It's almost dark outside and I still haven't heard form him. I left him hundreds of messages and voice mails, I asked Emily if she heard from him, but he's just gone. If he needed to go somewhere he would've told me. Right now I'm nervously pacing around his loft. What if something happened? I dial his number and leave him another voice mail.

"Toby I'm getting really worried, can you please just let me know that you're okay?" I ask. The door to Toby's loft opens and for a moment I think it might be Toby, but Emily walks inside.

"Oh, it's just you." I say disappointed.

"_Well_, sorry to disappoint you." She says sounding offended.

"I'm sorry, I just thought..." I trail off.

"That I was Toby? It's okay, I get it." She says. I sit down on the couch and stare at the black screen of Toby's TV.

"Where is he? What if something happened?" I ask. She sits down on the couch next to me.

"Maybe he has a new job somewhere?" Emily asks hopefully.

"If he did, he would've told me. It's not like him to just take off like that, especially since we got back together." I say.

"Where ever he is, I'm sure that he has a good reason for it. Toby loves you." She says. My heart skips a beat. He loves me, he_ really_ loves me, I should just trust him.

"Yeah, I guess you're right. He hasn't even been gone for a full day and I'm acting like a crazy overprotective girlfriend." I say.

"Well it's not like you don't have a reason to be worried. But just give it a few days, if you don't hear from him by then _then_ you can worry and look for him like a crazy overprotective girlfriend." She says and I can't help but chuckle.

"Okay, I overreacted. I should just go home and get some sleep." I say standing up. We walk out of Toby's loft. I'll do what Emily said, I'll wait a few days, besides I already left him about 10 voice mails, there's nothing more I can do anyway.

* * *

"It's been three days, something must've happened." I say pacing around my room.

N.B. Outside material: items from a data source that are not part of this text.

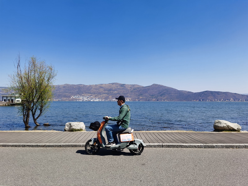 一路上一边是洱海,一边是苍山,途中可以随意停下锁车拍照,湛蓝的晴空下,尽情地放飞自我吧~~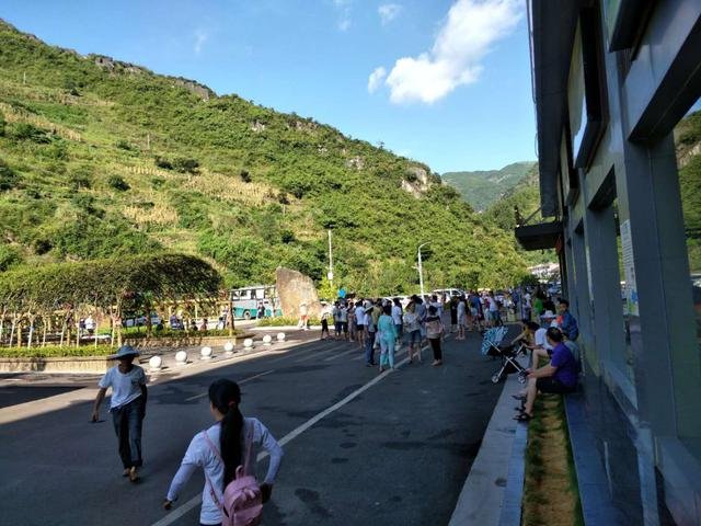 从售票大厅一路往景区入口走,验票后,刚刚走进去,就看见许多的人在清凉透明的河水中玩得不亦乐乎。还有一只小狗狗在河里使劲扑腾撒欢。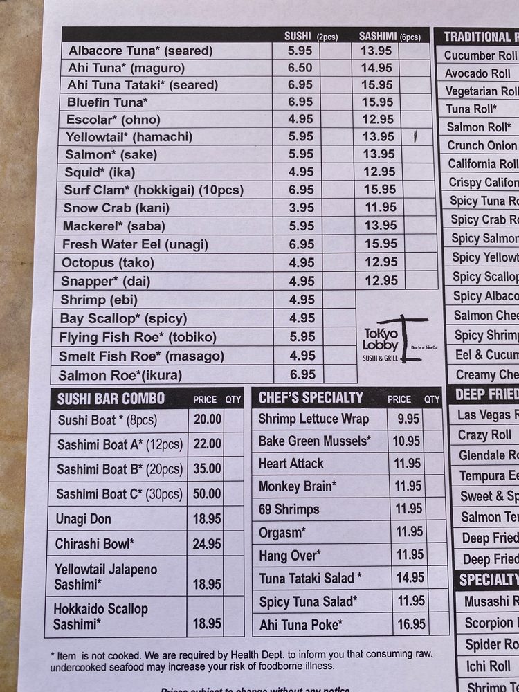 Tokyo Lobby Sushi and Grill is a vibrant spot on Bell Road offering a wide array of sushi options and grilled dishes. With a diverse menu that includes vegan and vegetarian choices, this casual dining spot is perfect for groups, families, or a solo lunch or dinner. The crispy Calamari Tempura, flavorful Ahi Tuna Poke Salad, and mouthwatering Orgasm roll are just a few standouts on their menu. The staff is friendly and attentive, ensuring a pleasant dining experience. The cozy atmosphere and outdoor seating make it a great choice for a relaxed meal. Don't miss out on their happy hour specials and the opportunity to try their bento boxes. Tokyo Lobby Sushi and Grill is a local favorite for a reason - delicious food, welcoming ambiance, and top-notch service.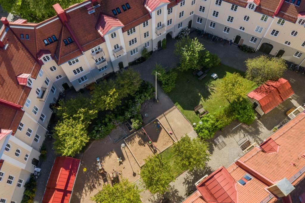 - Balkong/Uteplats: Ja. Gemensam innergård med träd, buskar, lekplats och uteplatser.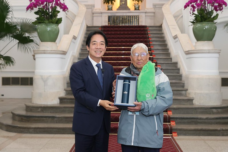 隨後,副總統致贈臺灣抱枕,由郭深森先生代表接受;也在郭深森先生衣服背面貼上「我100歲,環島中」大貼紙;副總統並與不老騎士一同至府前階梯大合影,充滿活力齊呼口號「2024不老騎士為愛千里」,現場氣氛十分熱鬧。

"He didn't call you or text you or anything?" Aria asks.

"That's the problem, he didn't. This is so not like him." I say.

"Well he has taken off like this before." Hanna says.

"He had a good reason." I say.

"Maybe the same _good reason _came up again." Hanna says. What? Is she seriously accusing Toby of joining A again?

"Hanna." Aria says warningly.

"What? We're all thinking it." Hanna says.

"He joined the A team to protect me and he told me he was done with it." I say angrily.

"Like I said before, he probably has a reason and he will come back." Emily says giving Hanna a glare. My eyes stop at my table where there's an old picture of me and Toby.

"What if A did something to him?" I whisper looking at it. The girls are silent.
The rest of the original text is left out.